---------- Material for this task
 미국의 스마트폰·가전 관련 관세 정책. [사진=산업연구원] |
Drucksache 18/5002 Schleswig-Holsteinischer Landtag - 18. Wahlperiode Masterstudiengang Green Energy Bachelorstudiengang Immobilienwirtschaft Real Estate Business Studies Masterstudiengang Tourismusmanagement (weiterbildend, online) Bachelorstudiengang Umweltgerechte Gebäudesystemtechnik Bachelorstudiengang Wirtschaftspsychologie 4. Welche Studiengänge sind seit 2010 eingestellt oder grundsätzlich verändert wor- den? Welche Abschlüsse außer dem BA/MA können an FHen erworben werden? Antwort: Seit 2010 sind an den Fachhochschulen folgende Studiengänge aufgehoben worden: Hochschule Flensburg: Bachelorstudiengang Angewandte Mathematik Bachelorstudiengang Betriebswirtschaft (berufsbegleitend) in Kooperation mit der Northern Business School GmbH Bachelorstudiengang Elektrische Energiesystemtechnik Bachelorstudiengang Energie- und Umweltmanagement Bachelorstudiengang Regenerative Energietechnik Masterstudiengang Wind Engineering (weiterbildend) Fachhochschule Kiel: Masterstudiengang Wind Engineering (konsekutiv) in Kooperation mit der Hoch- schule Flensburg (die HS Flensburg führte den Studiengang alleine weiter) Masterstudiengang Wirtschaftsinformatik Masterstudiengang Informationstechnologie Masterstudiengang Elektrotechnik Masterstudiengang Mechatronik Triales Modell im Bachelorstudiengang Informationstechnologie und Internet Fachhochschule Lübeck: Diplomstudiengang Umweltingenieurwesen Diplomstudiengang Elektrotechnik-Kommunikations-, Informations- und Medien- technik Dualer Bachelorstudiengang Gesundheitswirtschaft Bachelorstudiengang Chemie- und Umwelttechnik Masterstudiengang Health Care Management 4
--------------------
---------- Material for this task
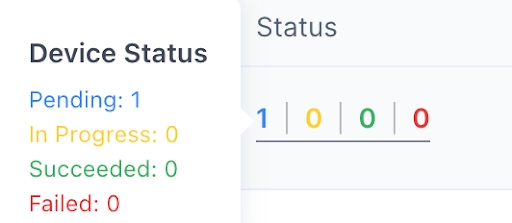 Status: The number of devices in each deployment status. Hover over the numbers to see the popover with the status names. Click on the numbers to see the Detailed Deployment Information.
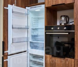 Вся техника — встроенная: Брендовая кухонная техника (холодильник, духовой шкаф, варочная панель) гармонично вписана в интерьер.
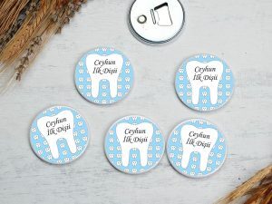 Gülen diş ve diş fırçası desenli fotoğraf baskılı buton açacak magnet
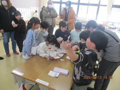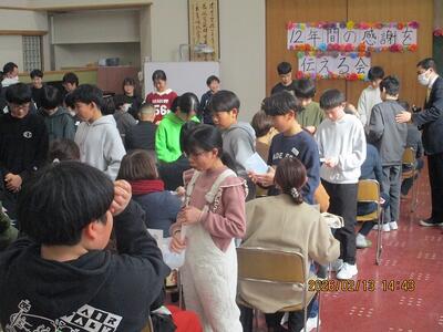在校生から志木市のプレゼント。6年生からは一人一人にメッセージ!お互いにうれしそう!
--------------------
What is expected » From the listing above, repeat only the lines between the line containing "Вся техника —" and the line containing "在校生から志木市のプレゼント", those two included. Pictures are not part of the copy.

Response to the task »
 Вся техника — встроенная: Брендовая кухонная техника (холодильник, духовой шкаф, варочная панель) гармонично вписана в интерьер.
 Gülen diş ve diş fırçası desenli fotoğraf baskılı buton açacak magnet
在校生から志木市のプレゼント。6年生からは一人一人にメッセージ!お互いにうれしそう!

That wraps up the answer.